The hidden emotions of Edgard Mazigi

When I was visiting the BAF, Beirut Art Fair last week I came across the work of Edgard Mazigi. I was attracted by one of his works exhibited by Galerie Epreuve d’artiste. After a small chat he invited me to visit his atelier in Achrafieh, a beautiful part of old Beirut. The next day he picked me up and we walked to his house.

We passed some amazing old houses or palaces from before the civil war. He is proud of his city and still very much charmed by it’s beauty. At the same time he is worried that those jewels will disappear in the near future. The example stands right in front of his house: once a palace, now a a huge apartment building.

While we are sipping coffee he tells me about the renovation of his apartment a few years ago. A design interior, with a clean look is the result of this renovation.  However his personality and his work beautifully placed in differents parts of the house, fill the room with warmth and sympathy.

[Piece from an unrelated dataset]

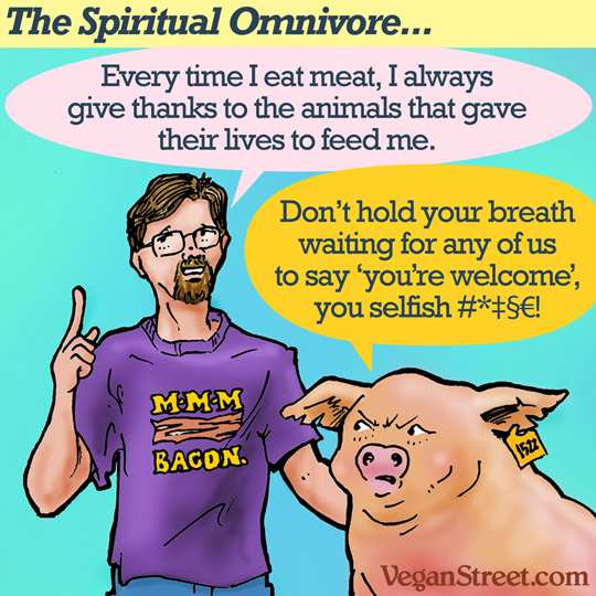 I honor the animals I eat with my hunting practices, or my farming practices, or by simply understanding that I am eating sentient beings who sacrificed their lives so that I may continue to live.

He was born in Beirut in 1955, studied in Lyon, and holds a diploma of the Ecole Supérieure des Industries Textiles de Lyon. He moved as a sales manager to Saudi Arabia and worked and lived for a long time in Connecticut, where he began to study Fine arts and Painting. In 1995 he was a full time student at the New York Studio School where he got an award of Exellence in Painting in 1998.

In 1999 he moves back to Lebanon where he works as a full time painter. He talks in a very open way and takes the time when we  we go along his work. Strong as he is in working with charcoal he shows me 30 drawings called “windows of my mind”

He still loves to work with charcoal especially when it comes to big pieces.  When we enter his atelier, big pieces, oil on canvas, are on the roll. He loves working with oil as well. According to Edgard oil is more sensual and he loves working  wet on wet.

When you visit his website www.edgardmazigi.com you will find many works, drawings and more works of charcoal on paper. A lot of his works have been sold and are now in the USA, Lebanon and other places. He also likes to work in the mountains. A few works called Beit Mery 1, and 2 are from there. He is planning to work more in the mountains in his place which he has overthere.

In a lot lot of his works he goes from figurative to even more abstract. He likes to push it real far in the sense that his work gets a multitude of layers which will surprise the viewer every time. He does not like that when you look at his work you immediately find out what it represents. Mystery, deeper feelings in a labyrinth of emotions are one of the key pillars in his work.

After years of starting first by painting from the motif, he develops himself more and more and finds his own strenght: starting in front of an empty piece of canvas, putting brushstrokes without knowing where they end. Most of his work is titled because along the process of painting a title will come up in his mind but he might change it until the last moment, before his brushes are drying up. He shows me his last work called “Urban Living”, big pieces, oil on linen which shows images of people sometimes with, sometimes without a face. All of them full of emotions and feelings not visible at a first glance.

My visit is almost finished. We talk about Beirut again, like he loves to live in this city, and he how loves his friends over here. Real friends. Although he knows and realises that networking is a must thesedays he puts a limit to the amount of contacts. Actually to a certain point he is able to do this: his work speaks for itself and does not need the high tech communication possibilities of todays world. Feelings, emotions and admiration will find their way and will stay in the hearts of the people while digital contacts will vanish and fade away. When I leave his place our meeting hovers in my heart and mind like in his painting “Hovering clouds”.